Las reformas políticas tuvieron como precedente elecciones de credibilidad dudosa, impugnadas por prácticas fraudulentas y una creciente presión social. En 1976, la totalidad de los votos fue para el candidato presidencial del PRI, José López Portillo. En las boletas no apareció ningún otro nombre. No por falta de oposición, sino de equidad y condiciones para dar cauce a las demandas democráticas del país. El lema de campaña lopezportillista, «la solución somos todos», anticipaba, cínicamente, el resultado. Sin embargo, el ingenio mexicano tornó la retórica en reproche: «La corrupción somos todos».
La reforma política-electoral de 1977, estructurada por Jesús Reyes Heroles, secretario de Gobernación, abrió las puertas a la transición con un sistema multipartidista. El cambio de paradigma disgustó a los de casa y entusiasmó a los contrarios. La izquierda, tantas veces satanizada e incluso proscrita, obtuvo registro oficial, y las oposiciones, en general, aumentaron su representación en el Congreso. En los mismos comicios del 76, el PRI se hizo con las 64 senadurías, incluida la del Partido Popular Socialista (PPS), y con 195 diputaciones. El resto se distribuyó entre el PAN (20), el PPS y el PARM (22), aliados del PRI.
Con la reforma del 77 aumentó a 400 el número diputados y se estrenó la figura de representación proporcional a la cual correspondió una cuarta parte del congreso. El PRI conservó la mayoría en la Cámara Baja con 296 escaños. Los demás se dividieron entre el PAN y los partidos Comunista Mexicano, PPS, Socialista de los Trabajadores (PST) y Auténtico de la Revolución Mexicana (PARM). Solo Acción Nacional conservó el registro.

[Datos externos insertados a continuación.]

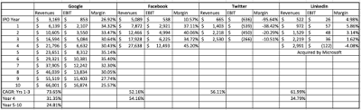GoogleLinkedInFacebookTwitterSnapIPO date19-Aug-0419-May-1118-May-127-Nov-13NARevenues$1,466 $161 $3,711 $449 $405 Operating Income$326 $13 $1,756 $(93)$(521)Net Income$143 $2 $668 $(99)$(515)Number of UsersNA80.6845218161User minutes per day (January 2017)50 (Includes YouTube)NA50225Market Capitalization on offering date$23,000 $9,000 $81,000 $18,000 ?Link to Prospectus (from IPO date)Link Link Link Link Link
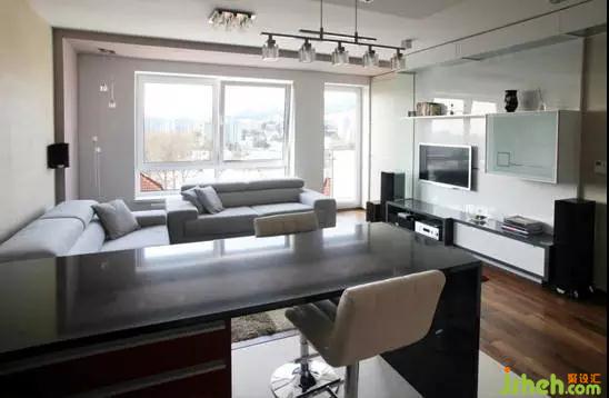編輯點(diǎn)評(píng):吧臺(tái)放置于此,即作為客廳與廚房的隔斷,也可作為餐桌,一舉兩得。
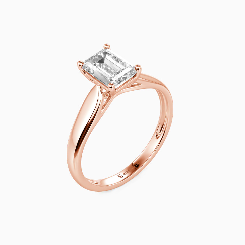As scripture as it gets. This engagement ring features an Emerald cut Stone set high above the simple band. The look is very traditional, with clean lines and nothing to distract from the beauty.
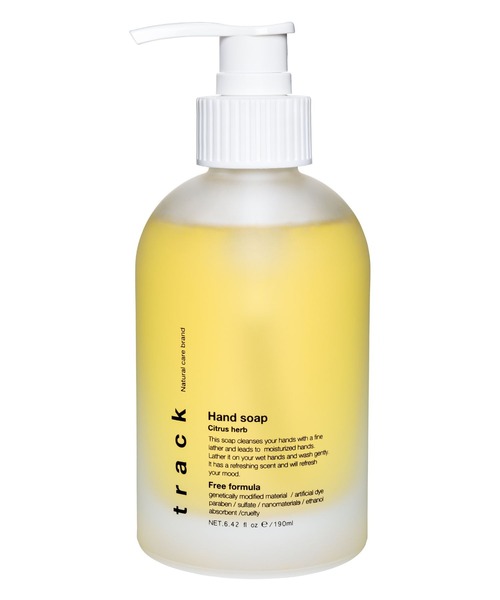 手肌の汚れをしっかり落としながらも、しっとり潤う、優しい香りのハンドソープ ------------------------------------- 香り:シトラスハーブ フレッシュなシトラスと穏やかなハーブの香り。洗うたびにハーバルな香りが広がります 【商品説明】 アミノ酸系・植物由来の洗浄成分が手肌の汚れをしっかり落としながらもやさしく洗い上げ、純米酒の酒粕(酒粕エキス)と和三盆の糖蜜(トウミツ)でしっとりとした潤いを与えます。数種類の海藻エキスとアロエエキスも配合し、手肌の潤いは逃さず、もっちりとした洗い上がりのハンドソープです。日々の暮らしを豊かにするホームケアアイテムとして、ギフトにもおすすめです。 【使用方法】 水で手をぬらした後、ハンドソープを手につけよく泡立てます。清潔なタオルなどで拭き乾かします。 ----------------------------------------------------- track(トラック)について ----------------------------------------------------- 心地のよい毎日をデザインする、ナチュラルケアブランド track は香りによる「気分」のデザイン、インテリアにも溶け込むパッケージの「空間」デザイン、環境配慮アイテムを使用した「習慣」のデザインにより、心地の良い毎日を追求した、ナチュラルなケアブランドです。 すべての人に楽しんでいただける、ジェンダーフリーなアイテムは、天然由来成分高配合のため、自然の恵みを感じることのできるヘルシー処方。 ブランド名である「track」は「足跡・軌跡」を意味しており、“今の自分をつくる過去” を否定せず、その全てを受け入れて進むことで、未来に向かって自分らしい足跡を残してほしいという思いを込めています。 -----------------------------------------------------
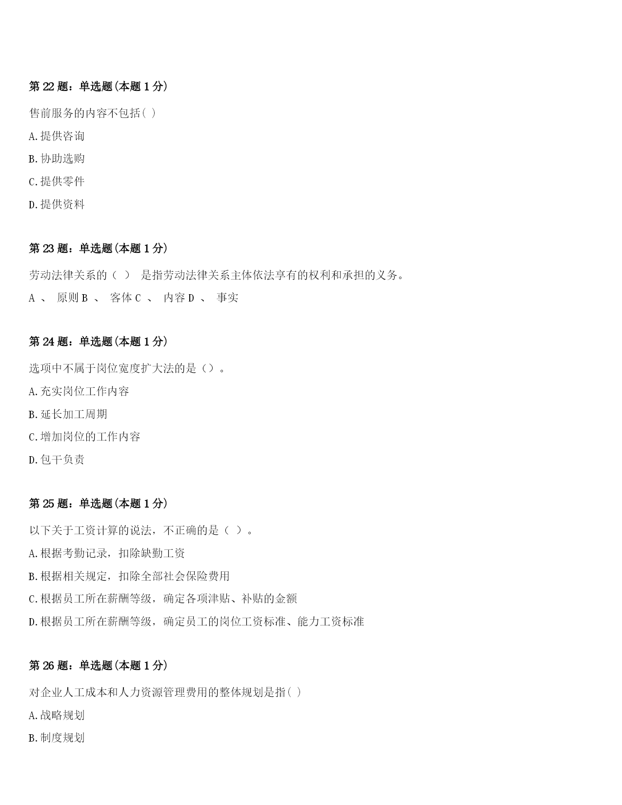 2024年鹰手营子矿区四级人力资源管理师《理论知识》高分冲刺试题完整版第1题:单选题(本题1分)企业中不同员工的能力有偏差,具体的工作分工也不同,因此员工培训要坚持()。A、战略性原则B、长期性原则C、多样性培训原则D、按需培训原则第2题:单选题(本题1分)根据《失业保险条例》,城镇企业、事业单位应按照本单位职工工资总额的()缴纳失业保险费。A.1%B.2%C.3%D.5%第3题:单选题(本题1分)工作岗位评价标准不包括()标准。A.指标的分级B.指标的量化C.评价的方法D.评价的流程第4题:单选题(本题

La izquierda se aglutinó después en torno al PRD, pero fue con Morena cuando ganó la presidencia con las mayores votaciones registradas por ahora.
Los sucesores de López Portillo impulsaron sus propias reformas. Salinas de Gortari, Ernesto Zedillo, Felipe Calderón y Peña Nieto lo hicieron forzados por las circunstancias. El país no admitía más elecciones fraudulentas, sino libres y transparentes. Una de las respuestas, a medias, porque la presidencia quedó a cargo del secretario de Gobernación, fue el Instituto Federal Electoral (IFE). Para cumplir la «reforma electoral definitiva» que prometió en su toma de posesión, Zedillo retiró al Gobierno del IFE, lo dotó de autonomía y de un consejo ciudadano. La iniciativa despejó el camino para la alternancia política en 2000, pese a la resistencia del sector más duro del PRI.
El presidente Andrés Manuel López Obrador no pudo modificar el sistema electoral porque no tenía mayoría calificada en el Congreso. El proyecto planteaba reducir a 300 el número de diputados y a 96 el de senadores, elegir a los consejeros y magistrados electorales por voto popular y reducir el financiamiento público a los partidos. Sin ese obstáculo, la presidenta Claudia Sheinbaum llevará adelante las reformas. Las oposiciones y los sectores afines se resisten, pero carecen de fuerza para frenarlas. La representación del PAN, PRI y Movimiento Ciudadano en el Congreso corresponde a los votos que obtuvieron el año pasado.
Sheinbaum instaló el 11 de agosto la comisión presidencial para la reforma electoral, la cual convocará a la ciudadanía a foros de consulta y análisis -«amplios e incluyentes»- para elaborar las propuestas. El encargado del organismo, Pablo Gómez, procede del movimiento estudiantil de 1968 y del Partido Comunista Mexicano. La mayoría de las reformas previas se hicieron sin tomar en cuenta a la izquierda. Excluir, ahora, a las fuerzas contrarias a Morena sería un error y deslegitimaría el proceso. Sin embargo, las oposiciones no pueden imponer su agenda, como tampoco lo permitieron cuando eran Gobierno; ni la presidencia ceder a chantajes.